Выйдя из комнаты и едва успев забежать в ванную, я, скупо всхлипывая, расплакался. Если память не врет, это случилось в предпоследний раз за всю жизнь.
– …женщина, – повторял я безо всякого смысла, – …девочка… Женщина моя.
Это было очень пьяное лето.
У меня бывало так: однажды случилось целое лето путешествий; чуть раньше лето музыки было. Всегда нежно помнится лето страсти; и другое лето не забывается – лето разлуки и совести. Они очень легко разделяются, летние месяцы разных лет: если помнить их главный вкус и ведущую мелодию, которой подпевал.
А еще ведь осень бывает, и зима, и весна.
Была зима смертей. Потом зима лености и пустоты. Следом зима предчувствий. (Первая промозглая, вторую не заметил, третья – теплая, без шапки).
Осень ученья случалась, осень броженья, осень разочарованья.
Впрочем, темы могут повторяться в разных временах года.
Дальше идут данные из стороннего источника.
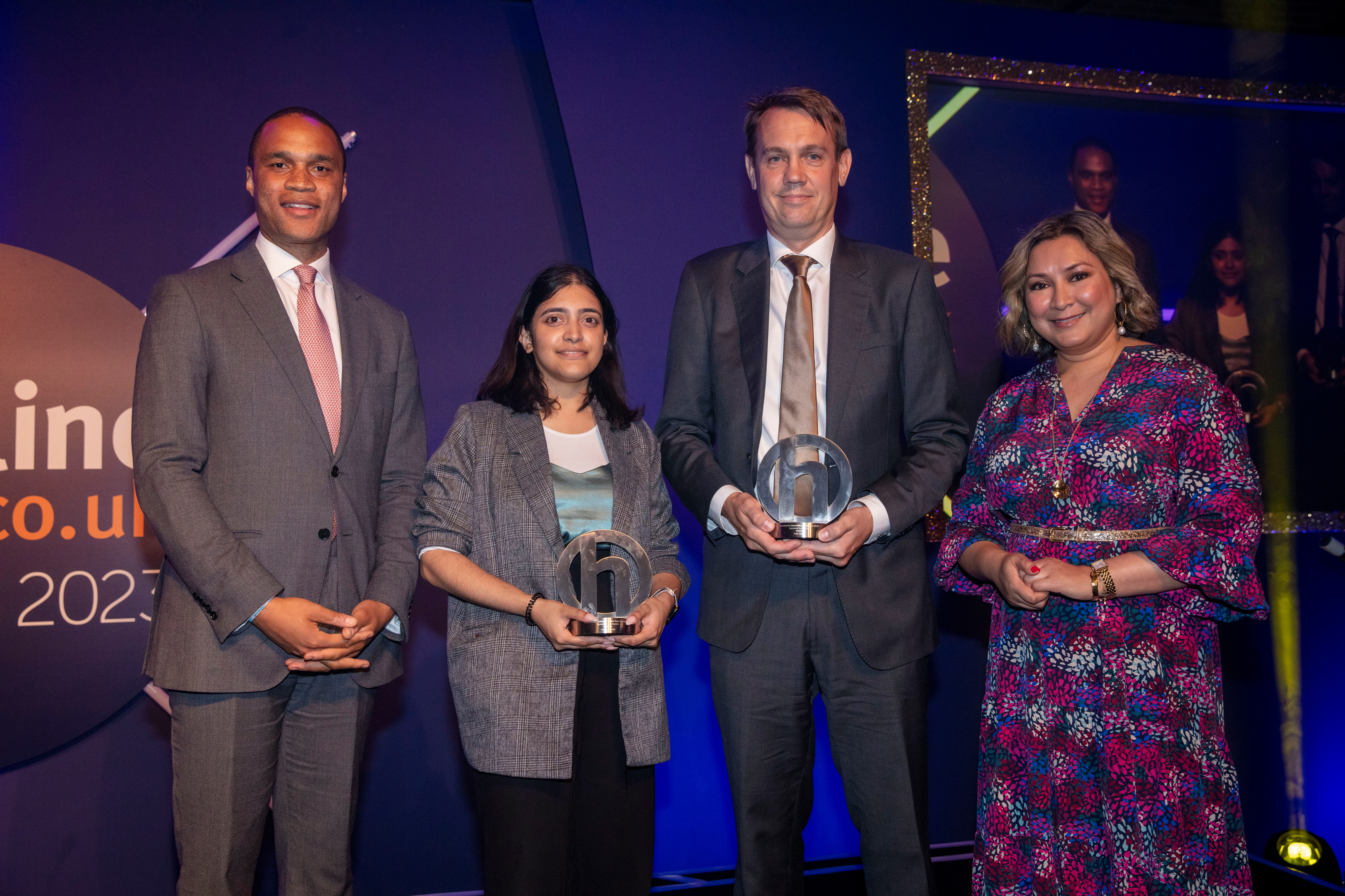 Risk.net's Luke Clancy and the Telegraph's Lauren Almeida collects their trophies from Augustine Chipungu, PR Manager at Schroders and awards host Ayesha Hazarika MBE
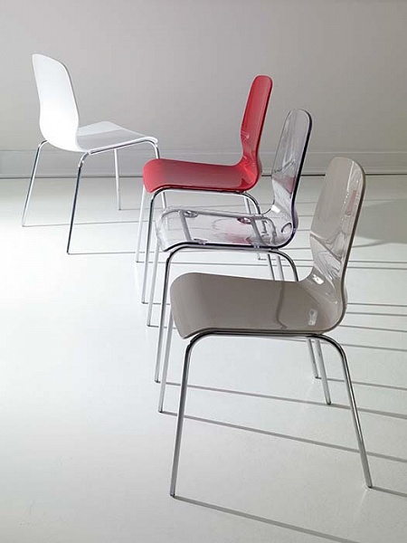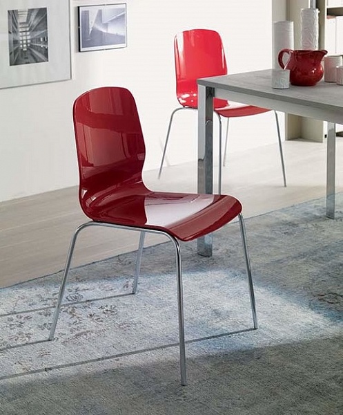 Стул со структурой из металла, сидение из поликарбоната.

Случалось и лето смертей, и осень лености бывала.
А весну я никогда не любил.
Совпало так, что на те летние месяцы пришлось много алкоголя.
Им замечательно легко было пользоваться тогда: алкоголь приходил кстати, потреблялся весело и неприметно покидал тело во время крепкого сна, почти не одаривая утренней ломкой и дурнотой.
Утром было приятно просыпаться и видеть много света. Казался вкусным дым бессчетных вчерашних сигарет: мы снова, все вместе курили в той комнате, где я замертво пал восемь часов назад.
Я люблю запах вчерашнего молодого пьянства; я даже нахожу это эстетичным: когда из-под простыни встает вполне себе свежий человек и бежит под душ, внутренне ухмыляясь над собой, вчерашним.
Силы сердца казались в то лето бесконечными, сердце брало любую высоту, не садилось в черном болоте, не зарывалось в жирной колее. Выбиралось отовсюду, только брызги из-под колеса, и снова бодро гудит.
Было правило: не пить до двух часов дня. Иногда, в качестве исключения, позволял себе не пить только до полудня. Проснувшись утром, я всегда с легкостью определял, когда начну свое путешествие. Но в любом случае слово держал неукоснительно: либо с двух, либо с двенадцати, но не минутой раньше.